聖路加国際病院理事長・名誉院長で2005年文化勲章を始めとする各功労賞を受賞された日野原重明先生も、とっても偉大な先生ですね。
役職も調べた限りでは38個もあり、2~3年先のスケジュールも決定している程の過密な日々をお過ごしになっておられると知りました。今年99歳になられる方だとは、とてもとても思えません!
96歳まで睡眠時間は4時間半、週に1度は徹夜の日々だったとか…やはり偉人は影で人一倍の努力をしておられるのですね。
日野先生の『生きかた上手』が出版された頃に、先生もクリスチャンで、お父様は牧師様だと知り、とっても感激しました!私も保守的な生き方をしたいのですが「あるがまま行く」の精神で歩いていきたいと思います。
走ったら、躓きそうな石コロも視野に入らず転んでしまいそうですから…スキップ位にします。
日野先生の事も既知の方は多いかと思いましたが、少しだけ書かせて下さい。
先生の発言で共感できた記事を引用します。
『アメリカの大学教授選考では、最近は年齢不問です。

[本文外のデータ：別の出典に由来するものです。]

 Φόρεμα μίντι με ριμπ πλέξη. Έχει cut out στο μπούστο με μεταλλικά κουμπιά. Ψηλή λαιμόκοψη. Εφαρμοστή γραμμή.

つまり、業績、仕事をやる人は、年齢に関係なく教授を続けられるようになった。それに引き換え日本では、大学に定年制が引かれ、アメリカとは逆ですよ。』年功序列が未だに残っている風潮を打破する革新的な御発言だと思います。
そして発言するだけではなく、医療行為を医師のみに行わせると主張する日本医師会の立場に対し、新米の医師よりも治療に精通した看護士もいるとして、医療行為を広く医療従事者に行わせることを認めるスタンスを取られました。
今は胃瘻もケアワーカーが管理するように検討されているのですから、私達も日々医療知識も勉強をして、付いていく責務があります。

結核を患い闘病生活を送った経験がある日野先生の趣味の一つはピアノだそうで、私も幼稚園~高校1年生までピアノを習っていましたのでピアノは大好きです。(ピアノの前に座っている時だけは大人しかったように記憶しております。)
日本初のハイジャック事件に巻き込まれた経験もお持ちだと知り、やはり神様は御守り下さり存在するのだと認識する事が出来ました。

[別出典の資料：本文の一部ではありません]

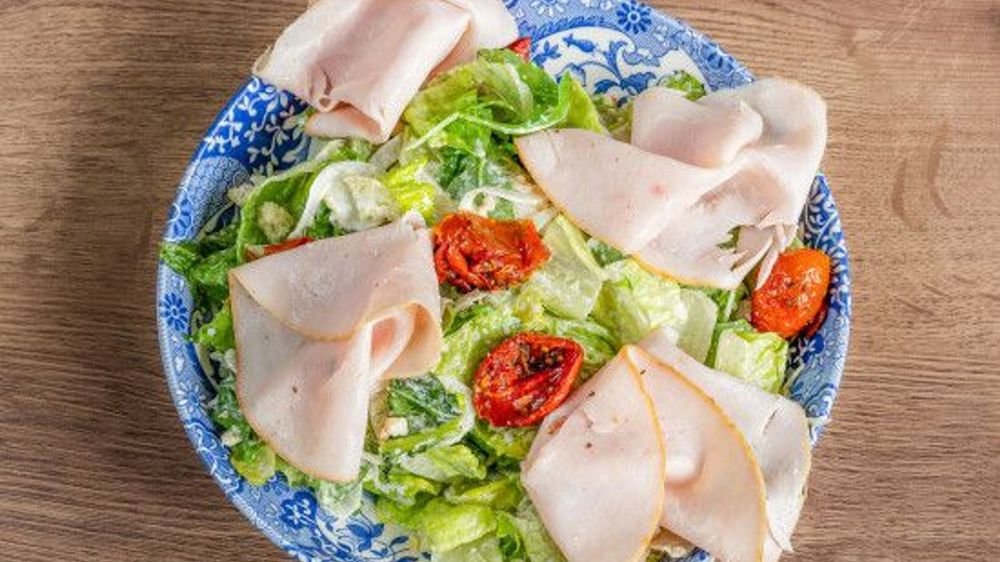 Signatursallad med krämig dressing, kalkonpastrami, semitorkad tomat, krutonger

私も6mも吹っ飛ばされるような交通事故(2回の事故に巻き込まれました)の被害者になり、幾多の困難を乗り越えてきました。
確かに、神様はいらっしゃいますね。
どんなお顔をされているんだろう…?と想像したでけで温かい気持ちになります。
感謝の日々を過ごしております。

東京大空襲以降の日野先生の御苦労や御尽力、勇気に大変尊敬の念を抱きました。
その一つが、1995年の地下鉄サリン事件です。事件直後、当日の全ての外来受診を休診し被害者を無制限に受け入れられました。
信念を貫く強い意思や勇気は、時折、萎えてしまいそうになりますが、世界に日野先生という方や長谷川先生、そして、無名な凡人でも「私」という存在が一人しかいない素晴らしさを忘れてはならないと実感致しました。

日野先生や長谷川先生の爪の垢を煎じて飲ませて頂きます。

シクラメンの静的な美しさをもちたいと願いつつ、向日葵のような明るさと天を仰ぐ伸び伸びとした大らかさ、純粋さも持ち続けたいと思います。
飾る事が苦手なので、このままで生きます!


投稿者: 玉本あゆみ | 2010年02月11日 11:24

※コメントはブログ管理者の承認制です。他の文献や発言などから引用する場合は、引用元を必ず明記してください。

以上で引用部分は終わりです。